* EXERCISE REQUIREMENTS:
Pictures stay out of the output. Return exactly the lines below from the one with "Wiosna Nowa Moda" down to the one with "우체국 적금으로만으로는 2.65%에서", both included, and nothing more.

== DATA TO USE ==

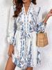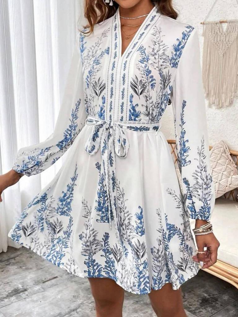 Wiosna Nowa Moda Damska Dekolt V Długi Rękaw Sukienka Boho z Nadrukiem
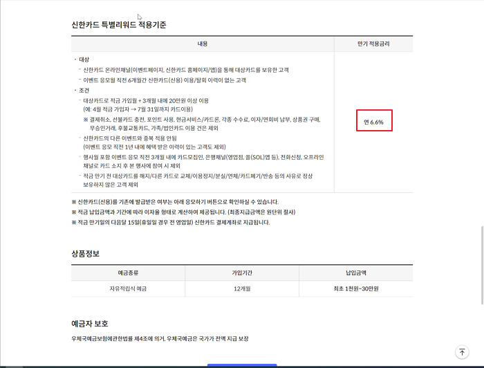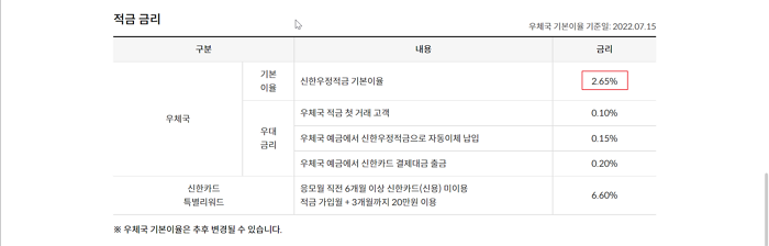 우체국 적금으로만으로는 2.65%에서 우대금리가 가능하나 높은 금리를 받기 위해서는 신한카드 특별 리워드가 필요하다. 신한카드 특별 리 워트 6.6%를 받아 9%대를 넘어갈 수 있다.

===
== DATA TO USE ==

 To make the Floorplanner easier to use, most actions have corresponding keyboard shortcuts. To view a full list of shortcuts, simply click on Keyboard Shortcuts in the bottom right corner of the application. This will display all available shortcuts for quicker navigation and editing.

===

* TASK ANSWER:
 Wiosna Nowa Moda Damska Dekolt V Długi Rękaw Sukienka Boho z Nadrukiem
 우체국 적금으로만으로는 2.65%에서 우대금리가 가능하나 높은 금리를 받기 위해서는 신한카드 특별 리워드가 필요하다. 신한카드 특별 리 워트 6.6%를 받아 9%대를 넘어갈 수 있다.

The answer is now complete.